Foot and ankle deformities are reported to be the most disabling problems with PHLE. In many cases, there is distal tibial and talar dysplasia causing varying degrees of malformed and maloriented ankle joint surfaces. The concave distal tibial articular surface along with the rounded talar dome in the frontal plane are the parts of the anomaly termed as ball and socket ankle joint. Subtalar coalition is another deformity that may be included in the spectrum of anomalies involving the foot and ankle [3], [4], [5]. The coalition may be massive, and may cause ankle pain as it does in our case. The radiographic imaging of our patient revealed the ball and socket ankle joint configuration along with the bony synostosis of talus, calcaneus, navicular, and cuboid. Such extensive fusions of the hindfoot are very rare, and they are commonly associated with congenital syndromes such as PHLE and Alpert syndrome [6]. The deficiency of the 5th ray was also evident on the foot radiographs of our patient. The absence of 1 or more foot rays (the lateral ones) is a frequent finding in patients with PHLE [4].

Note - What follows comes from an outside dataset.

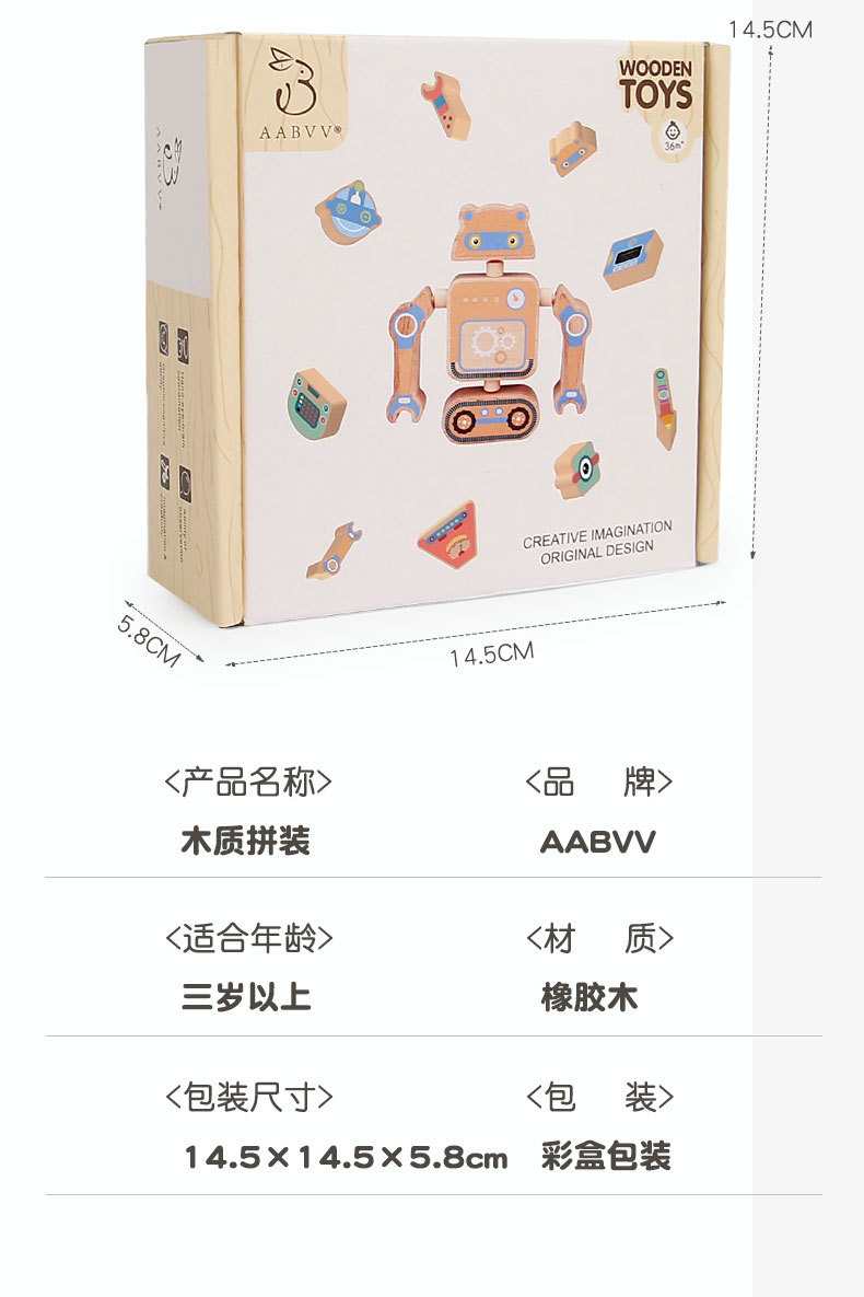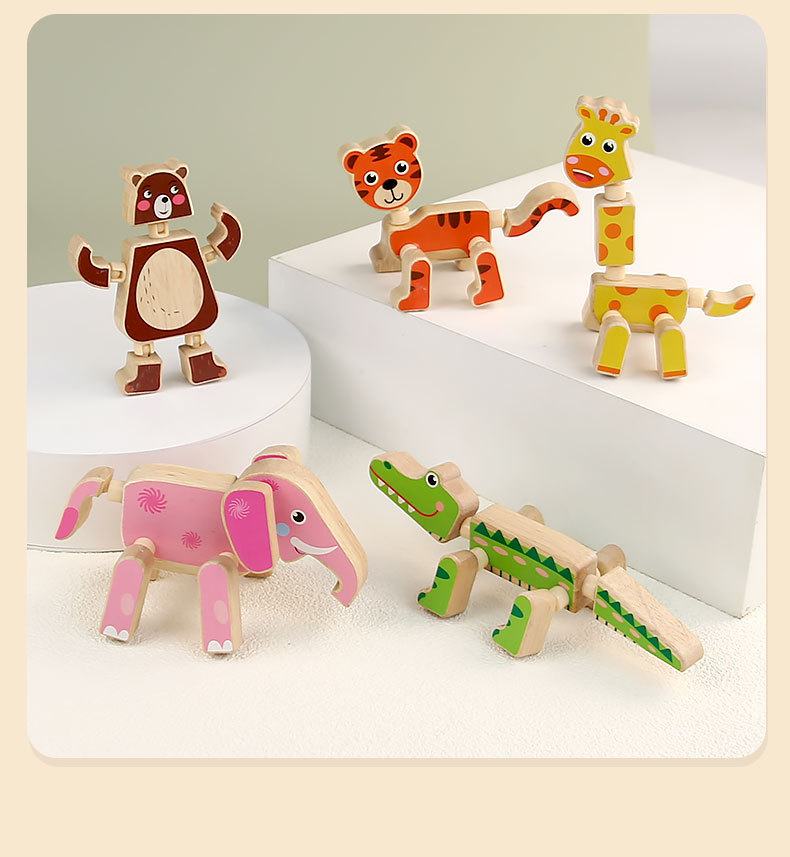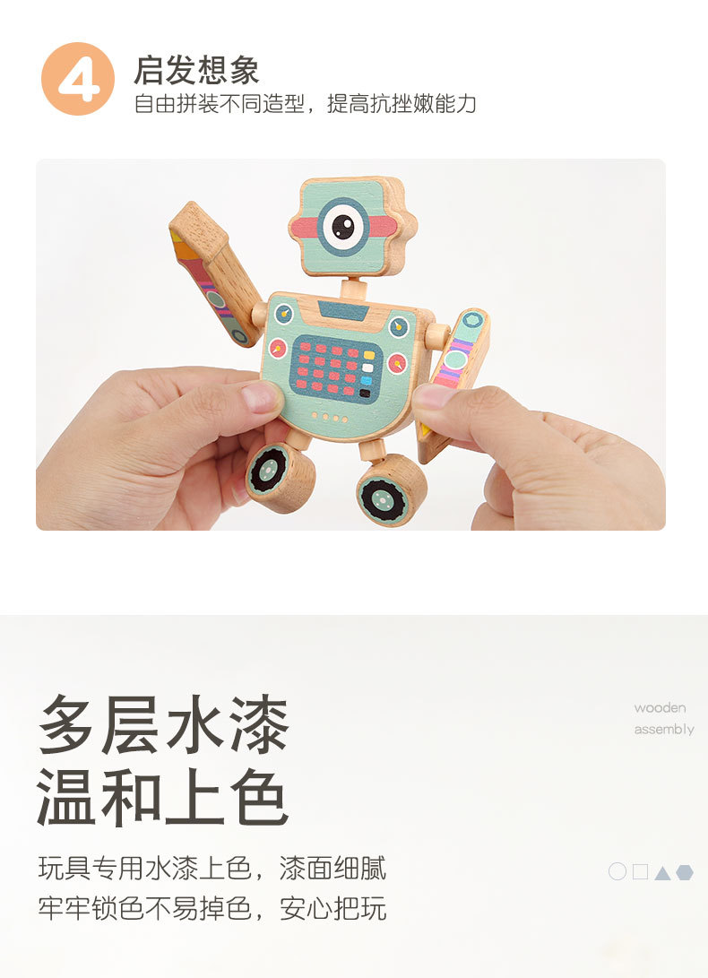Los niños ensamblan una variedad de robots de madera, bricolaje creativo, bloques de construcción tridimensionales de madera, juguetes de coordinación mano-ojo

The management of the patients with PHLE should consider both the functional and the cosmetic needs. Creation of a highly individualized reconstructive surgical plan is of great importance for management. The goal of this plan is to correct all of the deformities and deficiencies in the fewest number of surgeries spread throughout the growth years of the child. Surgical methods including limb lengthening, epiphysiodesis, amputation, or prosthetic rehabilitation are available in order to achieve equal limb length and functional hip, knee, and ankle joints [2], [5].
Informed consent for publication: applicable.
Footnotes
Informed consent: Informed consent for publication was obtained from the patient.
Conflict of interest: The authors declare that they have no conflict of interest.
Funding: This research did not receive any specific grant from funding agencies in the public, commercial, or not-for-profit sectors.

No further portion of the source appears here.